The kid and the junkie go over to Mexico to score. About a day later, I hear the kid has been busted in Mexico: the Mexican narcs were waiting for him at the border; someone had informed. I wonder how bad jail in Mexico is. I wonder whether the kid will ever get out.
I walk into a Safeway in the Fillmore ghetto and stroll over to the meat counter, eyeing all the steaks and rounds and pork chops and hamburger and chuck roasts. I’m very hungry; it’s been a long time since I had a steak to eat. I’m also high on LSD, and drunk. I pick up a steak and pretend to look it over, as if preparing to buy it.

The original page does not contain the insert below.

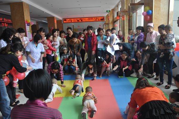 本次按年龄组进行的“婴儿游泳、爬行”比赛项目,都是由儿童保健专家结合孩子们的运动心理和生长发育特点精心策划的。“嘟……”随着裁判的一声哨响,2名婴儿被护士们迅速地放入一字摆开的塑料游泳池内,在众多亲友团的鼓励声中,婴儿们一下水就手舞足蹈地游了起来,只见他们有的“蛙泳”、有的“仰泳”、有的干脆“自由泳”,兴奋地击打着水花……。爬行赛道上的小选手更是萌翻现场,有的往前爬,有的原地不动、有的会走不会爬,不过,大人似乎要比孩子着急许多,比赛哨声一响,助威团可就忙开了,各人根据自家宝贝的性格,想尽办法鼓励他们快爬,呐喊声、助威声,其激烈程度不逊成人运动会。

Then I jam the meat in my pants, straighten up, brush down my shirt, and head for the front door. As I pass the checkout, a clerk half turns and says, “Wait a minute, sir.” At this, I race out of the store and up the street. A young, healthy bag boy charges after me. I can’t run very fast. The bag boy reaches out and grabs my hair. My feet fly up and my back hits the sidewalk. Immediately I start screaming, trying to make the bag boy seem like some kind of brutal police officer. I have learned through much experience that if you can embarrass the clerk, it sometimes ruffles him, and if you can attract a sympathetic crowd, it helps your case immensely. So I scream, “Look at him! He grabbed my hair! He’s going to beat me up! Get him off me! Somebody, please help me!” I’m a pathetic sight.
The clerk is flustered. “I just want to know if you’ve got a steak in your pants,” he gasps.

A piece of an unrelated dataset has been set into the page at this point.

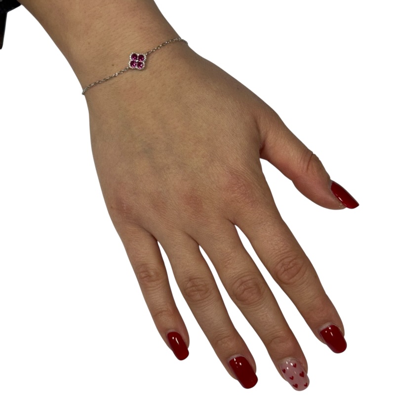 Bracciale da donna con quadrifoglio centrale impreziosito da zirconi lunghezza 16 cm + 3 cm di allungo. Chiusura a moschettone regolabile.

“Hell, no, I don’t, you son of a bitch.”
By this time a number of black people are standing around watching. The white bag boy looks around nervously and says, “OK, that’s all I wanted to know.” He turns around and starts jogging back to the store. The show is over. I’ve gotten away with the steak.
Sitting in the back seat of the police car, I am at peace, the speed filling me with euphoria. My insides are super, super clean, as if a cool breeze is blowing softly through me.

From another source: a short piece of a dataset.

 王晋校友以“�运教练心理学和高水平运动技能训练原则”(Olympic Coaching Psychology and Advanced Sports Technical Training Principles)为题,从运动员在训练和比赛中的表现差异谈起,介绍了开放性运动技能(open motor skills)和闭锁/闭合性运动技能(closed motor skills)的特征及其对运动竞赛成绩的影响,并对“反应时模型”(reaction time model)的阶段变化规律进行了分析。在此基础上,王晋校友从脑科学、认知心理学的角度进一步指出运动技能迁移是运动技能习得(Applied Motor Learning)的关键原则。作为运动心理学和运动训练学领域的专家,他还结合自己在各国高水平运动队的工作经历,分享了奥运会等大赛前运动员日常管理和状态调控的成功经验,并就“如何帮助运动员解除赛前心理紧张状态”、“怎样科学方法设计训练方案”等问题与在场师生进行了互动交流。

Los Angeles County Jail: I’m having a bad time. It’s very crowded in the receiving room. We prisoners are standing shoulder to shoulder, naked, our street clothes on a low wooden bench that surrounds the room. I’m skinny, scared, and have lumps in the crooks of both arms from injecting barbiturates. A large black man standing next to me accidentally bumps my clothes onto the floor. I mumble something, and he hits me full in the mouth, hard. The force of the blow knocks me flat on my naked back, my skinny white legs straight up in the air, genitals and asshole staring this guy in the face.
“Get up!” he screams. “Come on, get up, motherfucker! Fight like a man!”
I quietly retrieve my clothes and move to a different spot, this time beside a black man who looks less violent. “You are subject to being raped, motherfucker,” he counsels me. “Subject to being fucked in the ass.” I don’t need his advice; this has already happened. I suck on my lower teeth and notice they move back and forth. I worry they’re going to come out, that they’ll never heal, that they’ll always move back and forth like this, on the verge of falling out.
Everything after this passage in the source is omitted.